Como en sus películas anteriores, en esta ocasión rendir tributo no está reñido con romper las sagradas escrituras. Rian Johnson se sabe inteligente pecador, de los que acude a misa para burlarse de la sotana del párroco sin por ello dejar de creer en Dios.

Y con Puñales por la espalda subvierte las normas del misterio clásico, obviando en cuanto puede las fórmulas narrativas clásicas y despejando algunas de las incógnitas más importantes en el primer acto del filme. Lo hace para aprovechar los recursos del subgénero en favor de su principal interés: ofrecer una comedia negra deslumbrante, que no es más que un fresco de una alta alcurnia muy americana y mucho americana.

El cadáver del sueño americano

La totalidad de la familia Thrombey cree firmemente en el sueño americano. De hecho, creen haber construido sus fortunas sobre los valores que de él se derivan: han tomado las riendas de su vida, se han atrevido a emprender y han fundado editoriales, compañías de cosméticos, asesorías y demás fanfarria empresarial. 

Pero cuando sobreviene la muerte del pater familias, se revela una gran verdad: todos construyeron su patrimonio sobre otro precedente. Todos dependían de la digna hacienda de quien sí trabajó, de ese escritor de novelas que hizo fortuna hilando misterios. Los hijos y los nietos de Harlan Thrombey nacieron con privilegios y han prosperado debido a ellos.

Puñales por la espalda no tiene miedo en quitarse la careta de thriller cómico para mostrarse como sátira social. Y de hecho es sumamente inteligente planteando debates de cariz político y social, pues los aborda a través de un humor que desarma reservas ideológicas.

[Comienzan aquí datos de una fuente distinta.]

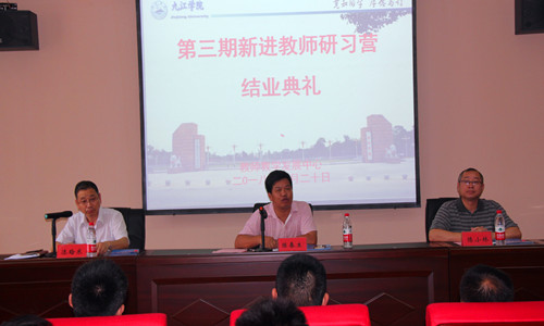 结业典礼上,陈春生副校长首先代表学校对学员们完成学习任务、顺利结业表示祝贺,希望大家珍视这段难忘的培训历程;同时对承担此次培训活动的相关人员辛勤付出表示感谢;并强调了学校对新进教师成长的重视和期望。随后,陈副校长结合自身执教经历与新进教师们分享了从教体会,指出要想当一名优秀的高校教师,不仅要保持积极进取的人生态度,还要扎扎实实做好每一件需要我们做好的事,只要这样才能在日益激烈的竞争中脱颖而出,目前学校正面临申硕、更名大学两件大事,希望大家发挥才干、大展拳脚、创造业绩。对教师的成长,他提出了三点要求:一是树立校荣我荣的信念。学校既是我们赖以生存的地方,也是我们精神有所依托的家园,更是我们人生和职业价值得以体现的重要组织,它的生存发展与我们息息相关,作为学校的一员我们要热爱它,共同建设好它;二是提升自身的专业水平。教师的职业素养与工作能力决定着学校教育教学质量。青年教师对自身的发展应高标准严要求,既要兢兢业业潜心教学也要孜孜不倦钻研科研,对在工作中遇到的困难要积极面对迎难而上,而不是一味地逃避退缩;三是发扬团结合作的精神。当今社会能够立于不败之地的人是善于在团队中合作共赢的人,各位青年老师应尽快融入集体,团结身边的同事,虚心向前辈学习,发现、改进自身不足,用积极的心态与同事们合作共事。最后,陈副校长寄语各位老师牢记一名大学教师教书育人的崇高使命,团结进取、积极奋进,为学校教育教学事业发展增添活力与动力。

En una escena brillante, dos miembros de la familia Thrombey discuten sobre la política migratoria de Trump. Uno de ellos, ferviente defensor del actual presidente de Estados Unidos, sostiene que si una persona migrante alcanza la tierra prometida para trabajar en algo digno y legal, él no tendría problemas en darle los papeles. Y pone como ejemplo a la enfermera que cuidaba al muerto: el personaje interpretado por Ana de Armas. Pero que en cambio, la triste realidad -como si de un vocero de Vox se tratase-, es que la mayoría de inmigrantes llegan a Estados Unidos a vivir de ayudas y delinquir. 

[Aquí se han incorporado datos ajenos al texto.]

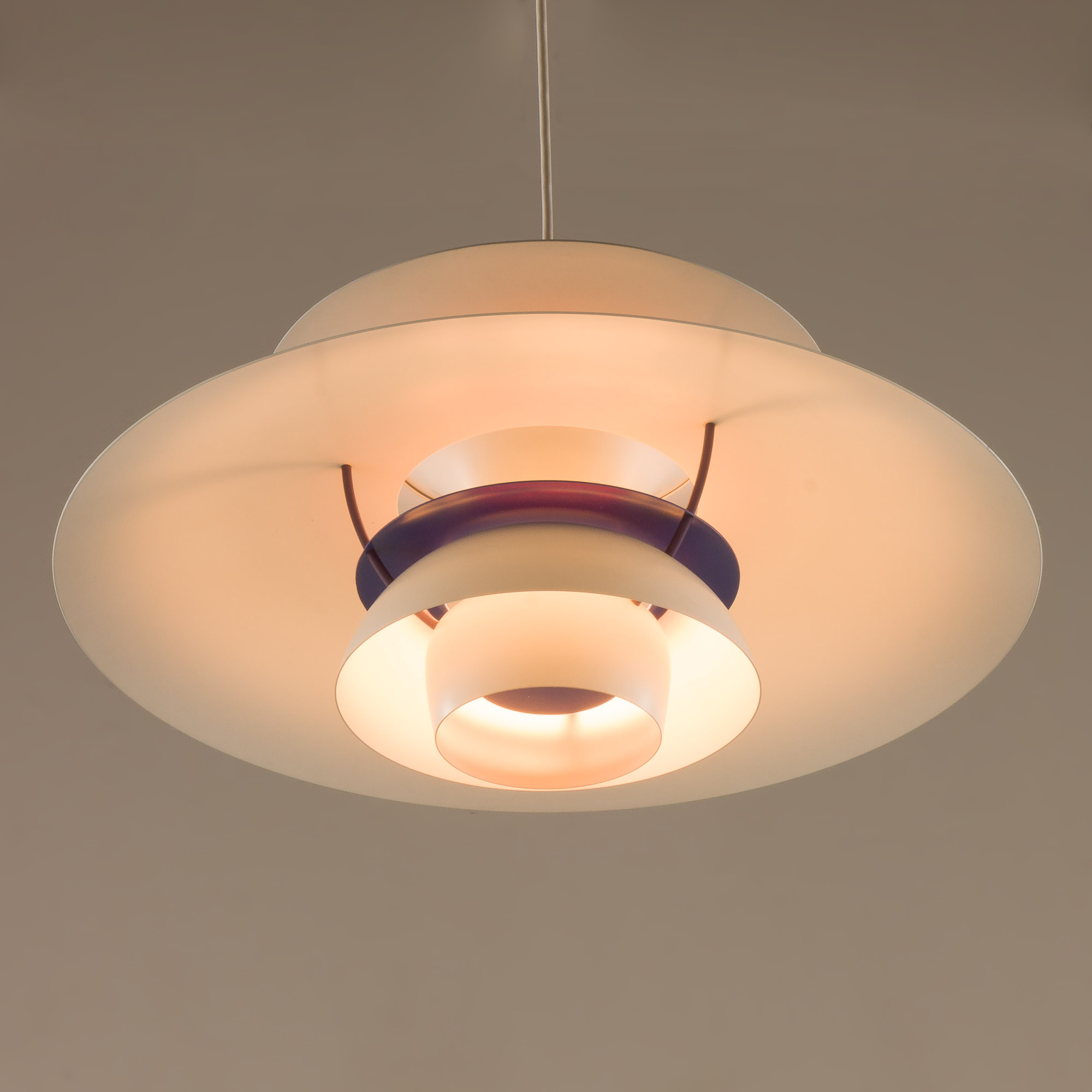 Lampa posiada również zakrzywiony, trąbkowy reflektor, który kieruje światło w dół, tworząc miękką, ciepłą poświatę. Na przestrzeni lat Louis Poulsen produkował PH5 w różnych kolorach, z których najbardziej znanym był biały, a późniejsze edycje w kolorze niebieskim, czerwonym i pomarańczowym. Prezentowana lampa jest biała i charakteryzuje się niebieskimi i pomarańczowymi detalami w konstrukcji.

En torno a esta discusión y a este personaje, Rian Johnson construye un discurso que milita en el descontento carácter progresista, parodiando el cabreo conservador. Y se preocupa por cuestionar todos y cada uno de los discursos reaccionarios de su tiempo y de su país. Desmintiendo lugares comunes y ofreciendo una brillante diatriba que deja al descubierto el racismo y el clasismo inherente al sueño americano.

Así, Puñales por la espalda encierra en la mansión del Cluedo un misterio por resolver, al tiempo que encapsula un debate vivo en la sociedad norteamericana. A quien, por supuesto, gusta de retratar como contradictoria, embustera, hipócrita y por todo ello, divertidísima.